Thus, by artfully inflaming the populace of Paris, and through his organized bands of confederates—that of all the large towns of France, against the Huguenots and their chief, by appeals to the religious sentiment; and at the same time by stimulating the disgust and indignation of the tax-payers everywhere at the imposts and heavy burthens which the boundless extravagance of the court engendered, Guise paved the way for the advancement of the great League which he represented. The other two political divisions were ingeniously represented as mere insolent factions, while his own was the true national and patriotic party, by which alone the ancient religion and the cherished institutions of France could be preserved.
And the great chief of this national patriotic party was not Henry of Guise, but the industrious old man who sat writing despatches in the depths of the Escorial. Spanish counsels, Spanish promises, Spanish ducats—these were the real machinery by which the plots of Guise against the peace of France and of Europe were supported. Madam League was simply Philip ii. Nothing was written, officially or unofficially, to the French government by the Spanish court that was not at the same time communicated to “Mucio”—as the Duke of Guise was denominated in the secret correspondence of Philip, and Mucio was in Philip’s pay, his confidential agent, spy, and confederate, long before the actual existence of the League was generally suspected.

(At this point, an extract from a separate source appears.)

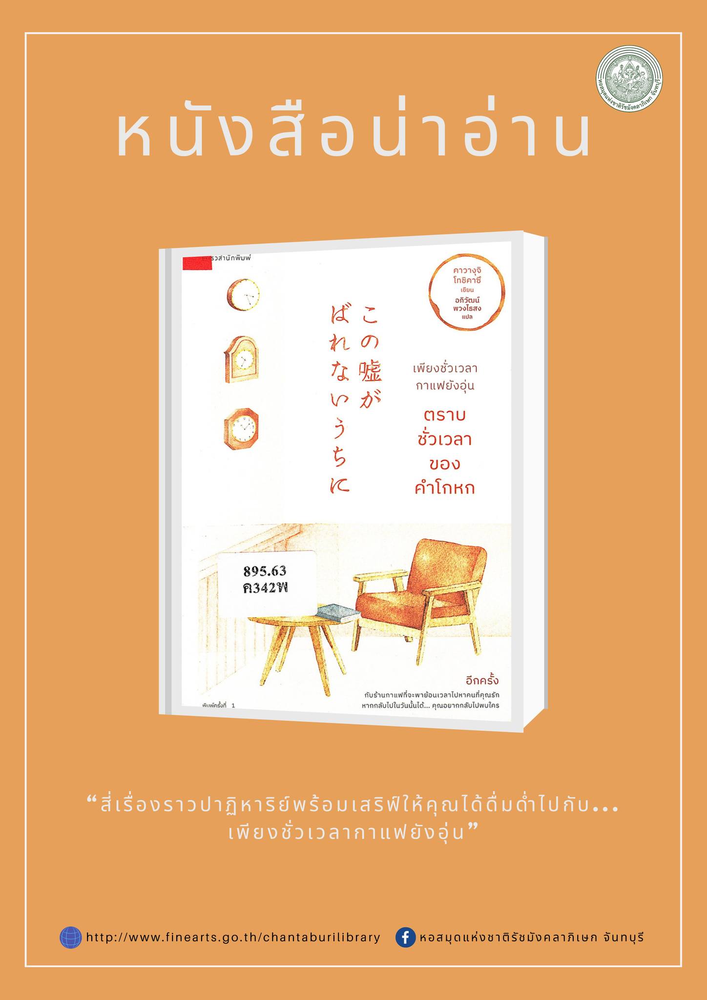 คาวางุจิ, โทชิคาซึ. เพียงชั่วเวลากาแฟยังอุ่น ตราบชั่วเวลาของคำโกหก. กรุงเทพฯ: แพรวสำนักพิมพ์, 2565.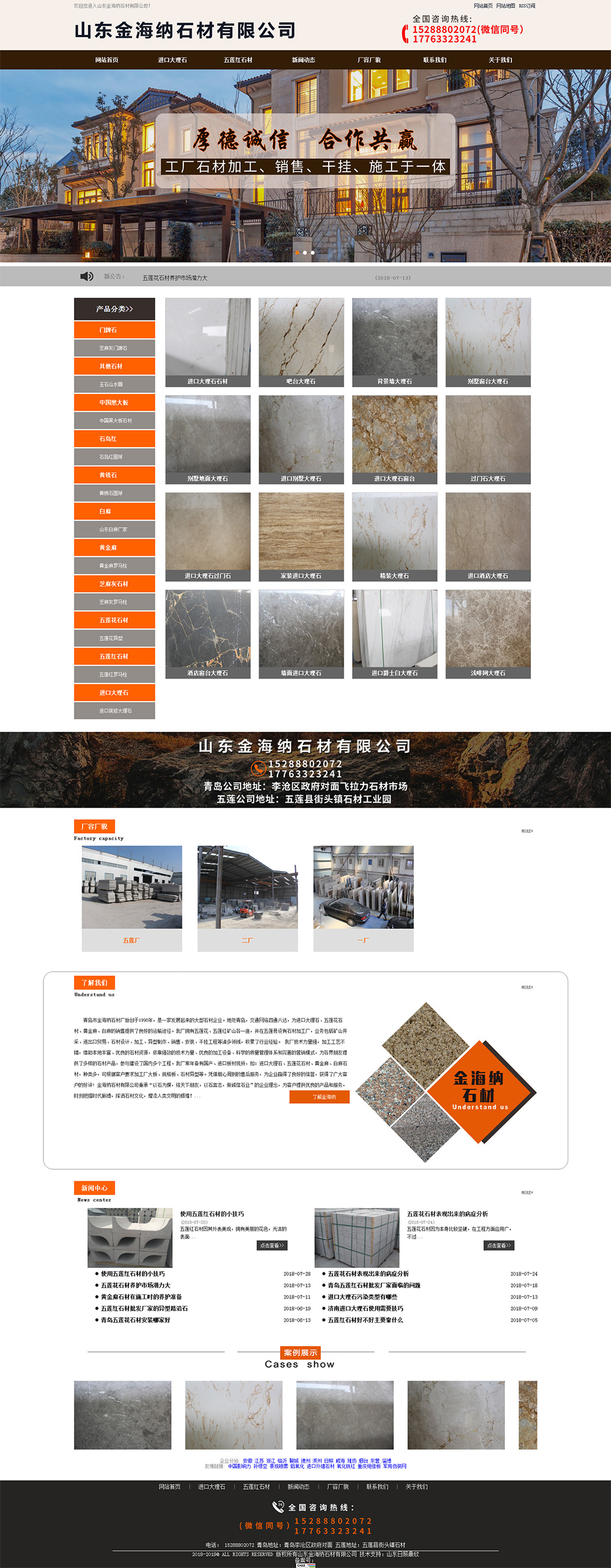 • 青島市金海納石材廠始 創(chuàng)于1998年,是一家發(fā)展起來的大型石材企業(yè)。地處青島,交通網(wǎng)絡四通八達,為進 口大理石、五蓮花石材、黃金麻、白麻的銷售提供了良好的運輸途徑。我廠擁 有五蓮花、五蓮紅礦山各一座,并在五蓮縣設有石材加工廠,業(yè)務包括礦山開采、進出口貿(mào)易、石材設計、加工、異型制作、銷售、安裝、干掛工程等諸多領(lǐng)域,積累了行業(yè)經(jīng)驗。 我廠技 術(shù)力量強,加工工藝不錯,借助本地優(yōu)良的石材資源,依靠強勁的技 術(shù)力量、優(yōu)良的加工設備、科學的質(zhì)量管理體系和完善的營銷模式,為各界朋友提供了多樣的石材產(chǎn)品,參與建設了國

The Queen-Mother, Catharine de’ Medici, played into the Duke’s hands. Throughout the whole period of her widowhood, having been accustomed to govern her sons, she had, in a certain sense, been used to govern the kingdom. By sowing dissensions among her own children, by inflaming party against party, by watching with care the oscillations of France—so than none of the great divisions should obtain preponderance—by alternately caressing and massacring the Huguenots, by cajoling or confronting Philip, by keeping, as she boasted, a spy in every family that possessed the annual income of two thousand livres, by making herself the head of an organized system of harlotry, by which the soldiers and politicians of France were inveigled, their secrets faithfully revealed to her by her well-disciplined maids of honour, by surrounding her unfortunate sons with temptation from earliest youth, and plunging them by cold calculation into deepest debauchery, that their enervated faculties might be ever forced to rely in political affairs on the maternal counsel, and to abandon the administration to the maternal will; such were the arts by which Catharine had maintained her influence, and a great country been governed for a generation—Machiavellian state-craft blended with the more simple wiles of a procuress.